Кубати побледнел, в горле у него что-то застряло, дышать стало тяжело.

– Я… я не совсем пони…

– Понимаешь! – уверенно возразил Кургоко. – Завелась, наверно, на том берегу Шеджема юная Адиюх [165] с глазами, как у телки? – князь вдруг вспомнил личико Саны, удивился про себя и почему-то встревожился, будто ему сообщили неприятную весть.

Меньше всего хотелось бы сейчас Кубати говорить на эту тему. Он благоразумно откладывал объяснение с отцом на то время, когда закончится битва с татарами. Еще неизвестно, что произойдет во время сражения и какие будут последствия войны.
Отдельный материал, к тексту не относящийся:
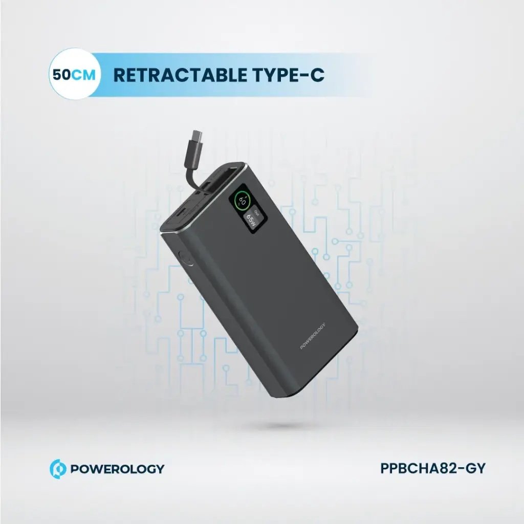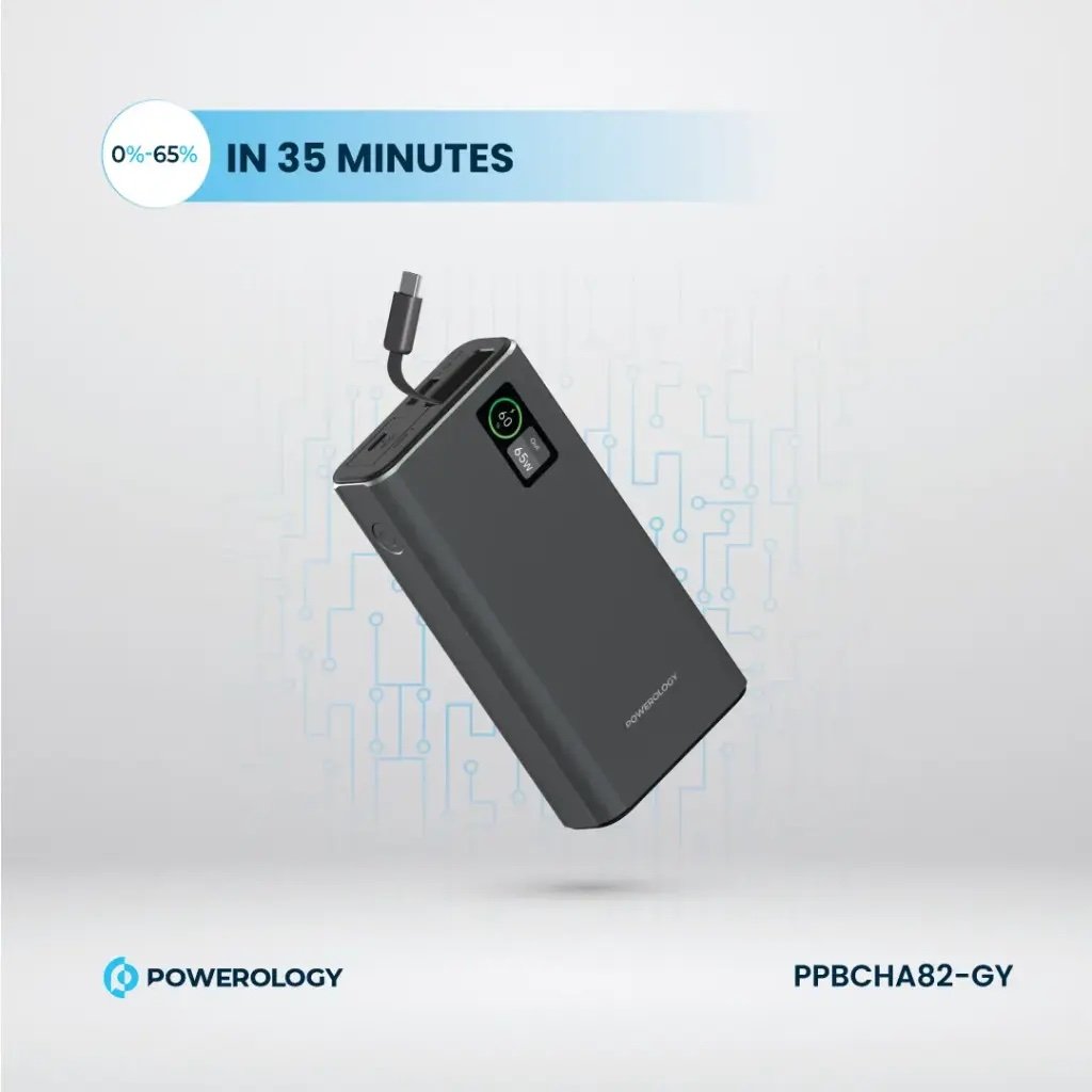 The Powerology Aluminum 20000mAh Power Bank is a strong and adaptable power supply to charge devices anywhere. A massive 20000mAh battery packs inside, giving it the ability to power smartphones, tablets, and laptops reliably. With USB-C input/output and 65W Power Delivery, this power bank easily charges laptops and does self-refueling quickly, hitting 65% charge in just 35 minutes. On the other hand, the USB-A output allegedly offers 30W power, enough for fast charging. Its 50cm fixed cable, along with different ports, makes this power bank capable of charging three devices simultaneously, proving quite handy during travel or everyday usage. Sleek with aluminum casing for protection with an intelligent power display showing power left in the batt. Having flexible voltage in the USB-C and USB-A port lines, the Powerology 20000mAh Power Bank is your ultimate portable power companion that will always speed you through convenience and style anywhere.

Юноша напрягал свой изворотливый ум, но никак не находил нужного ответа – ведь лгать ему тоже не хотелось, как не хотелось и откровенничать.

Спас положение неизвестный всадник, нещадно погонявший измученного коня и, по-видимому, спешивший как можно скорее встретиться с Хатажуковым-старшим.

– Мне сказали, что князь Кургоко с сыном прогуливают коней в этой стороне – и я сразу сюда! – хрипло выкрикнул всадник вместо приветствия.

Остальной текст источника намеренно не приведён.